> [YOUR ASSIGNMENT]: The records below are to be restated word for word, with every picture left out.

Dataset entries:
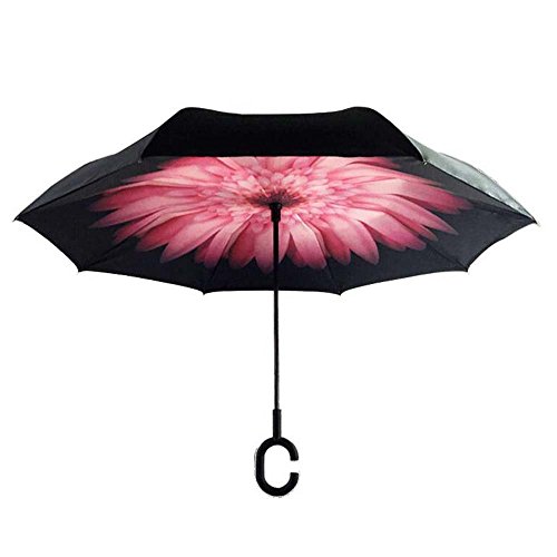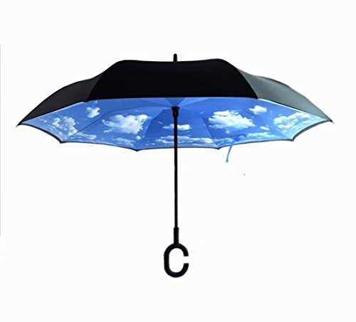 -. Title : Inverted Umbrella, Glodeals Travel Umbrella Strong Windproof/UV Protection Creative Double Layer Inside Out Reverse Folding Umbrella Self Standing for Car Rain Protection C Shape Handle
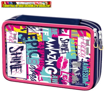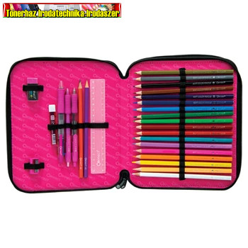 Egyrészes, írószerrel töltött, cipzáras tolltartó. Belül nyomott mintás textillel bevont merev lapokkal, gumis kialakítással az írószerek tárolásához.
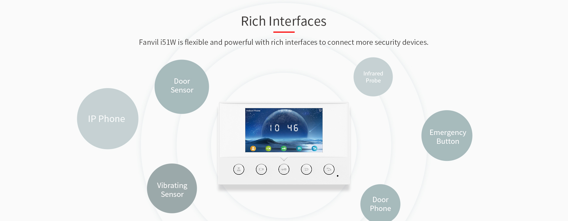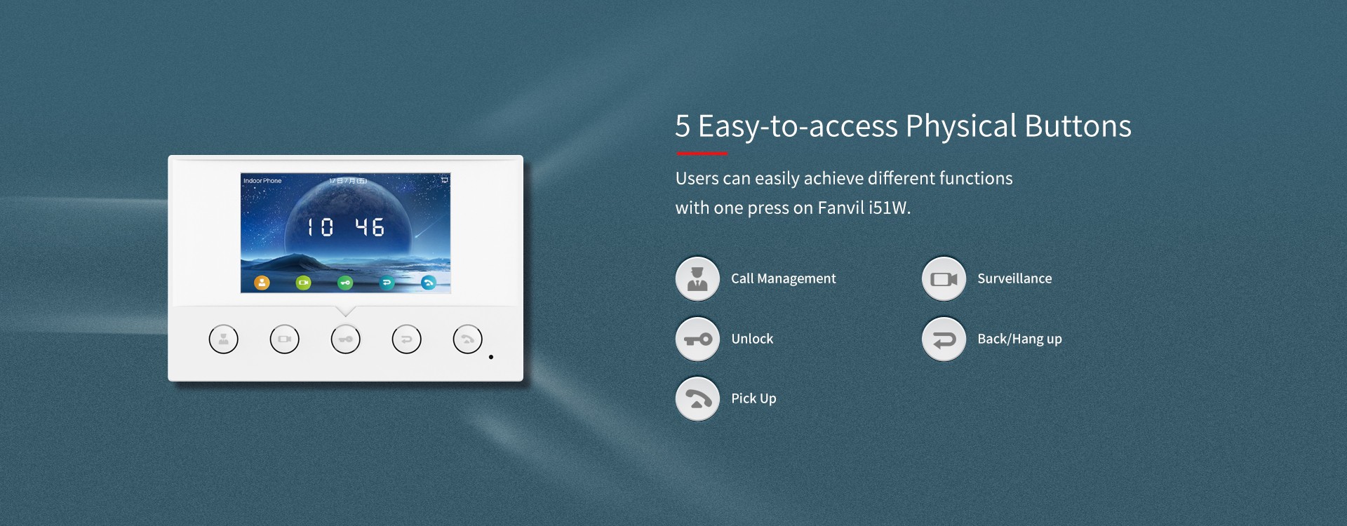Fanvil i51W Indoor SIP Station, 4 SIP Lines, 5 Buttons, PoE, 4.3" Colour Screen, Linux, ONVIF
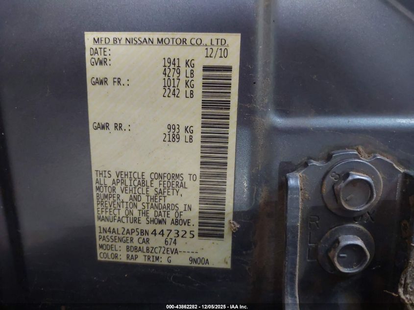 2011 NISSAN ALTIMA 2011 року Бензин, 2.5, Передний привод, vin - 1N4AL2AP5BN447325 из США
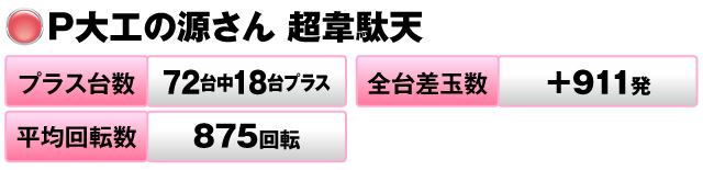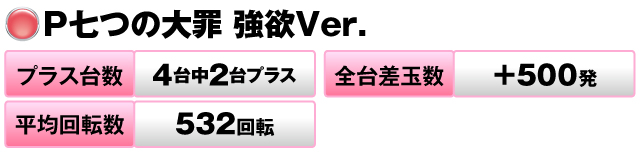 パチンコは、『P大工の源さん 超韋駄天』、『P七つの大罪 強欲Ver.』はプラスをマーク。
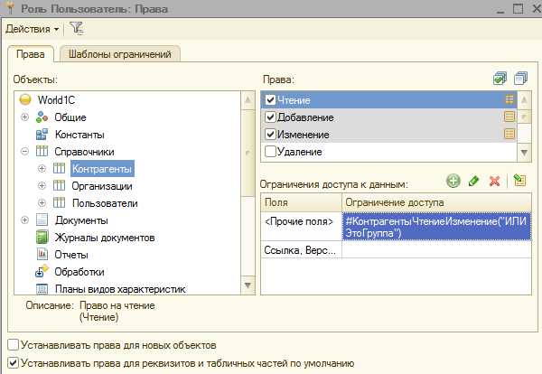Ограничение доступа к контрагентам на уровне записей в 1с ут 10.3 (RLS)

> [ANSWER SPACE]:
 -. Title : Inverted Umbrella, Glodeals Travel Umbrella Strong Windproof/UV Protection Creative Double Layer Inside Out Reverse Folding Umbrella Self Standing for Car Rain Protection C Shape Handle
 Egyrészes, írószerrel töltött, cipzáras tolltartó. Belül nyomott mintás textillel bevont merev lapokkal, gumis kialakítással az írószerek tárolásához.
Fanvil i51W Indoor SIP Station, 4 SIP Lines, 5 Buttons, PoE, 4.3" Colour Screen, Linux, ONVIF
 2011 NISSAN ALTIMA 2011 року Бензин, 2.5, Передний привод, vin - 1N4AL2AP5BN447325 из США
 パチンコは、『P大工の源さん 超韋駄天』、『P七つの大罪 強欲Ver.』はプラスをマーク。
Ограничение доступа к контрагентам на уровне записей в 1с ут 10.3 (RLS)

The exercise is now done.